Обращались с нами так же, как в Фушуне. Надзиратели были все так же добры, пища не уступала прежней, газеты, радио, культурные развлечения - все было как раньше. У меня немного отлегло от сердца, но успокоиться я никак не мог.
Однажды среди ночи меня внезапно разбудил грохот открывающейся двери; я увидел, как несколько человек вывели одного заключенного из соседней камеры. Я решил, что, должно быть, американская армия подошла к Харбину и коммунисты готовы теперь с нами разделаться, и меня охватил озноб. Лишь с рассветом, услышав разговоры в соседних камерах, я понял, что чудовищно ошибался. Оказывается, посреди ночи у одного из заключенных случился приступ грыжи. Надзиратели сообщили об этом начальнику тюрьмы, а тот вызвал военного врача и санитаров, которые, осмотрев больного, отправили его в больницу.
Легче мне от этого не стало. Если ночью меня пугал грохот железных дверей, то днем это был шум машин. Всякий раз, когда я слышал приближающийся шум машины, я подозревал, что это приехали за мной, чтобы судить.
Когда, казалось, все предвещало близкий конец, в тюрьму прибыл начальник управления общественной безопасности, который провел с нами беседу.
Стоя на караульной вышке, он говорил с нами и от имени правительства совершенно определенно заявил, что народная власть вовсе не желает нашей смерти, а хочет, чтобы мы смогли перевоспитаться путем учебы и самоанализа; коммунистическая партия и народное правительство верят в перевоспитание преступников, верят в то, что при народной власти они смогут стать новыми людьми, так как мечта коммунизма - преобразовать мир, то есть преобразовать общество и человечество. Когда он закончил, несколько слов сказал начальник тюрьмы:
- Вы думаете только о смерти. Вам кажется, что все, что вы видите, делается для того, чтобы вас погубить. Подумайте, зачем народному правительству вас учить, если оно задумало с вами разделаться? Вы можете сказать: коль скоро нас не собираются убивать, неплохо бы тогда выпустить. Нет, плохо! Если вас выпустят, не перевоспитав, вы сможете снова совершить преступление, да и народ вас не простит.
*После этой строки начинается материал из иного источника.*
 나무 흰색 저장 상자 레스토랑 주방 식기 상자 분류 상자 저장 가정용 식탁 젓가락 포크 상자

Из того, что говорили оба начальника, я понял не все, да и не всему поверил. Тем не менее почувствовал справедливость сказанного. Действительно, если бы нас хотели казнить, стоило для этого расширять тюремные бани в Фушуне, спасать больного человека, которому грозила смерть, или заботиться о пище для меня и пожилых людей?
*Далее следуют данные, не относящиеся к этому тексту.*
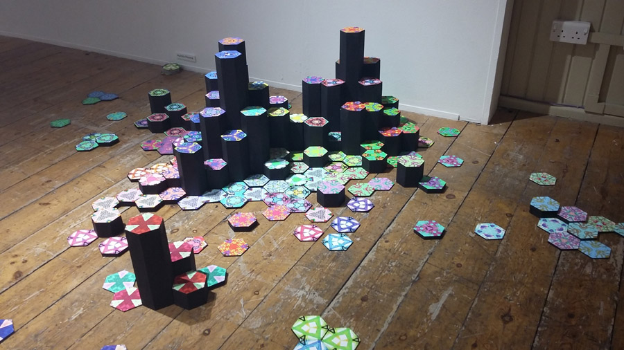 Kozma’s work directly deals with the development of Birmingham, which she has witnessed over the last three years. ‘Metropolis (Mother City)’ mimics the causeway and structures of a rising city, which is built up of different communities. Starting with photographs of traffic and engineering works, she Photoshops these, drawing out the repetition of shapes to reflect on the infinite. She also intensifies the colours to create strikingly patterned tiles and mosaic-like textiles. These are then transformed from 2D form to mesmerising 3D architectural structures.

Впоследствии мы узнали, что такое отношение к заключенным не является чем-то из ряда вон выходящим в тюрьмах нового Китая. Каждый из нас принял во внимание все, что сказали начальник управления и начальник тюрьмы о перевоспитании и учении. Мне казалось, что нас заставляют читать книги и газеты только для того, чтобы заполнить время и оградить от ненужных мыслей. Прочесть несколько книг и сразу изменить образ мышления - для меня это было непостижимым.
В наших занятиях тоже произошли изменения. Прежде нас никто не проверял и каждый занимался тем, чем хотел. Теперь появился преподаватель - один из кадровых работников тюрьмы. Он прочел мне лекцию на тему "Что такое феодализм", после чего состоялась дискуссия.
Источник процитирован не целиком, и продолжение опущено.